I watch as he takes her all in. Yep, she’s every guy’s fantasy. In a barely there tank and short red skirt that shouts I’m not a hooker but I play one on TV
“Sam, and yes I am.” He stretches those long legs out as he relaxes in his seat. He has a thick southern accent that I guess came from…
“Texas?”
      Did I just speak? Yes, you did. Well, own it then. I look up at him. The heat that fills my face is alarming. Why? Why are you doing this to me? I scold my betraying body. He grabs his lower lip, suppressing a smile.
“Fort Worth—is it that obvious?” he asks with a half-smile pulled to one side.  Oh my goodness, he is adorable. His molten eyes soften as he resumes his languid gaze back up to me.
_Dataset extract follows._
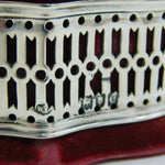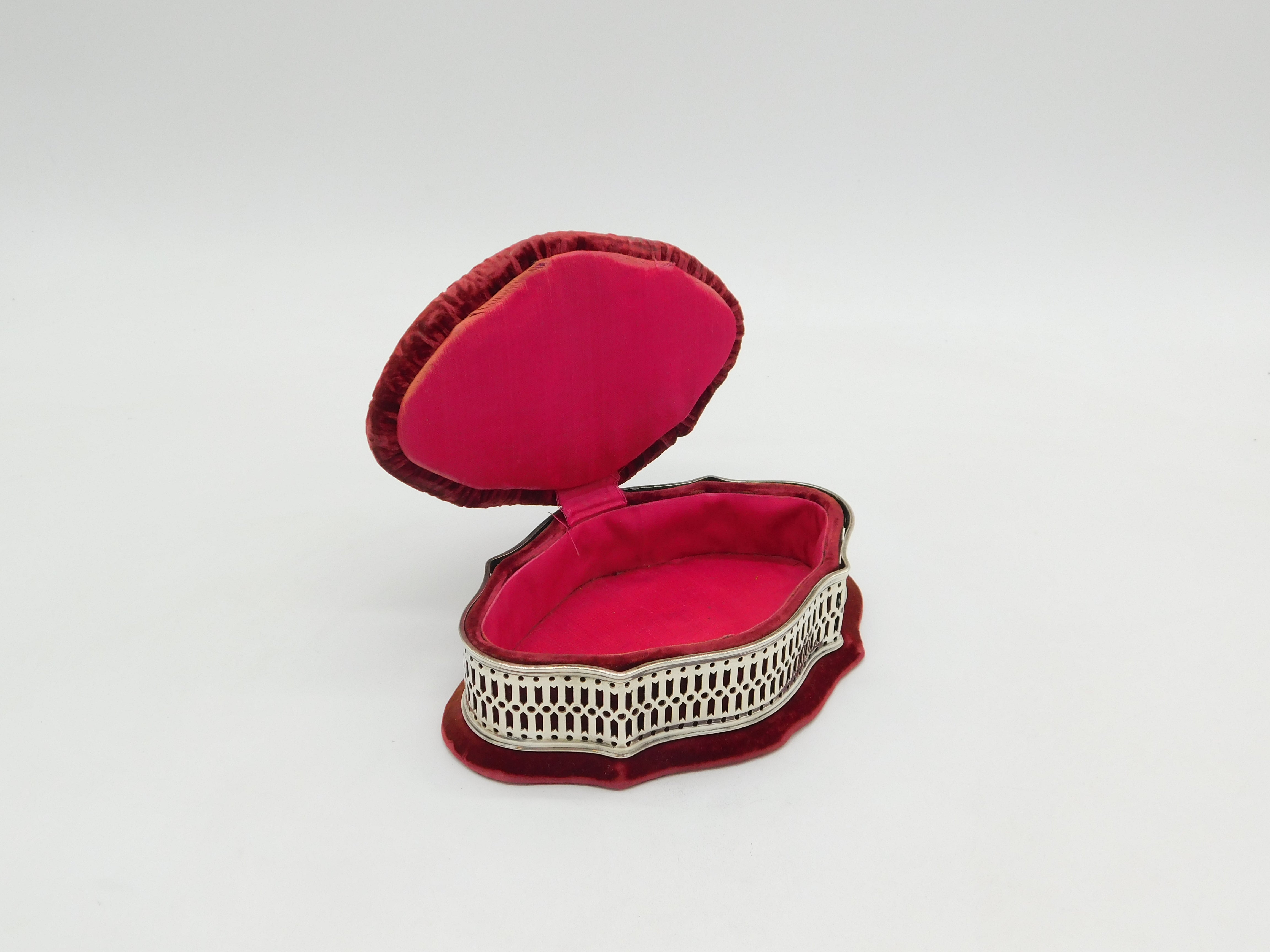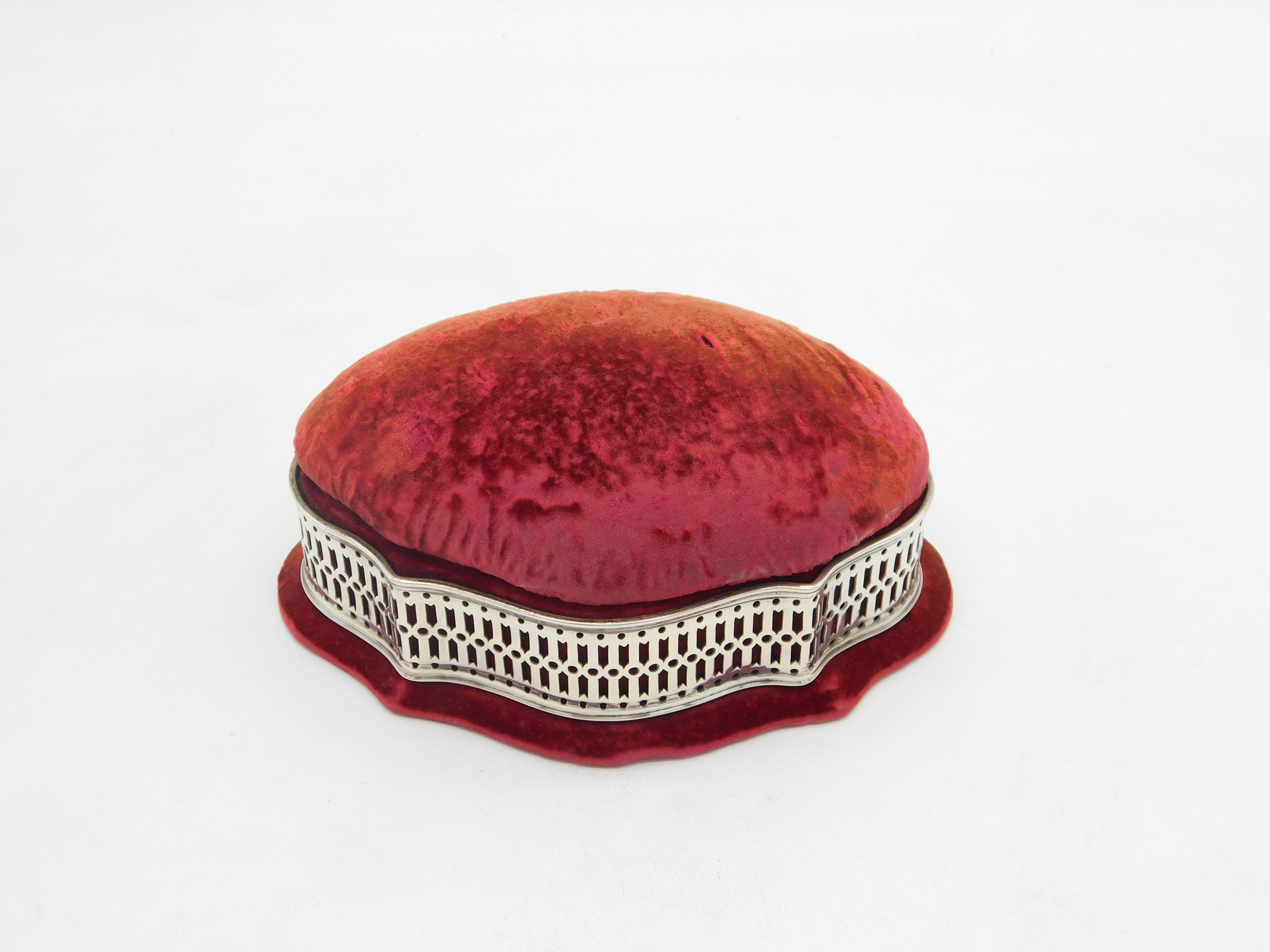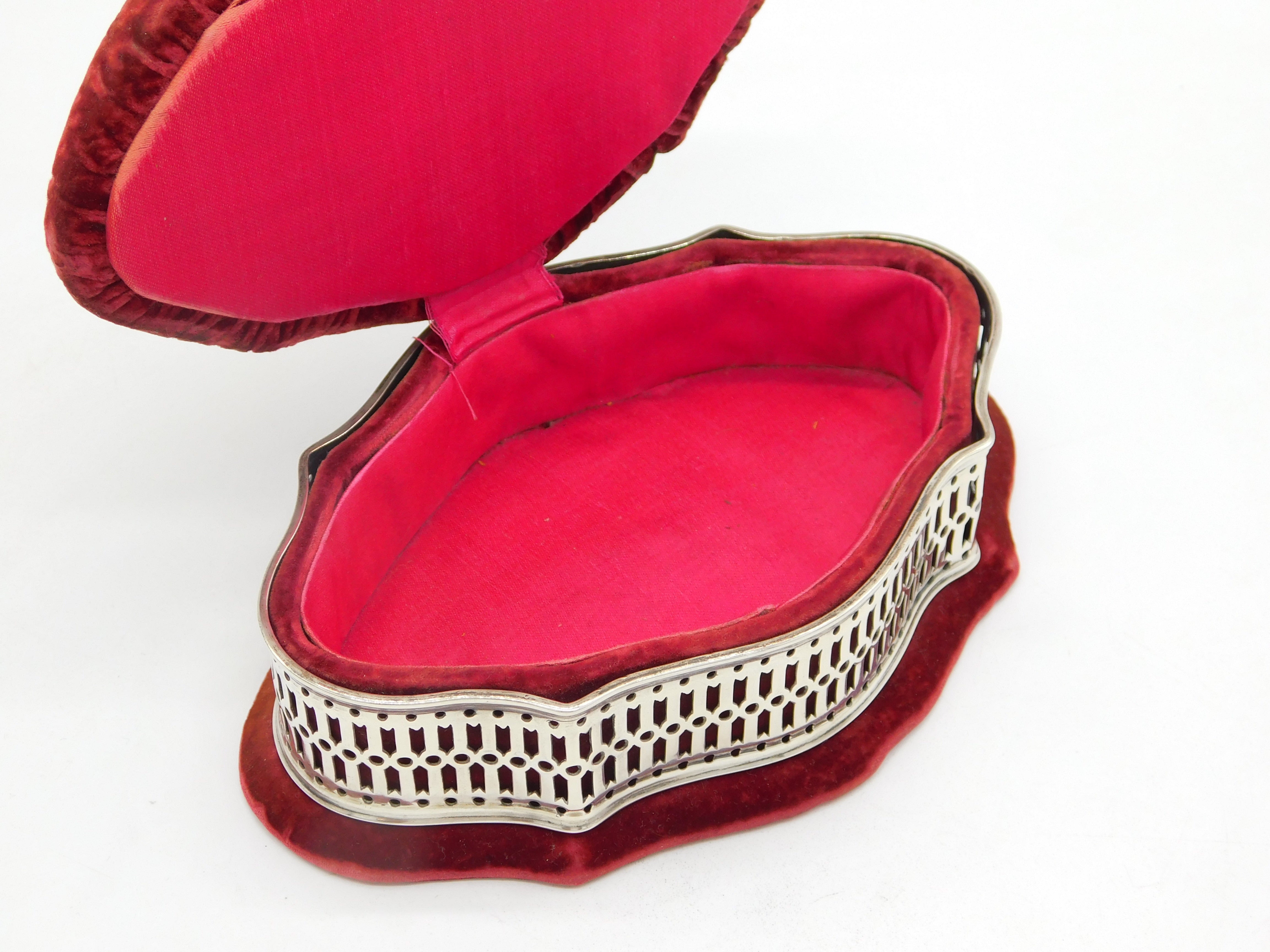 Details: A fantastic and wonderfully designed antique Victorian large sterling silver mounted opening jewellery box with pin cushion to the top and fabric lined interior, hallmarked London 1898 by William Comyns to the bottom edge, minor wearing to the velvet of the cushion on the top please note. This is a wonderful item that would make a perfect gift or addition to any collection.

I nod and giggle. Are you kidding me? I did not just giggle like some giddy schoolgirl with her first crush. What is wrong with me?
“My apologies—it seems you have me at a disadvantage,” he says as he lowers his head and awaits my response.
“Oh, sorry. Brennen Hale.” I flush ten shades of crimson, which I never do. I do not blush, giggle, or fawn over boys.
“That’s a pretty name,” he says with his full attention on me. His compliment causes my mouth to go unexpectedly parched. I feel like a road kill frog that has baked on the hot southern asphalt all afternoon. Yes, Sam has reduced me to frog chips.
I notice how a light smile highlights his kind eyes. It’s all very charming. While trying to advert my eyes to somewhere other than the fit of his T-shirt, I also observe that Ari doesn’t like how much attention he’s paying me at the moment. She shifts in her seat so that her skirt rides up, showing a little more thigh —she is proposing a challenge. Hmm, God help him, he’s all yours, Ari.
“Thank you,” I reply to him and fix my gaze back to the whiteboard where it belongs. I don’t know why my hormones are all ramped up over that guy. The last thing I need is to draw any further attention to myself this year. I need to keep people way out of my business. If anyone finds out what I am hiding, my life could be ruined. I need to be invisible, or at least stay under the radar.
Sensing my defeat, Ari bombards him with questions until the bell rings. I learn from her inquisition he is in the horse ranching business, on the swim team, and hopes to make baseball in the spring. He has two younger sisters— twins—ten years old. His favorite music is country but he likes a little bit of everything. And he thinks Ari is annoying. I can hear it in his voice; she is too self-absorbed to notice. I smile inside at the small victory: maybe she’s not every guy’s fantasy.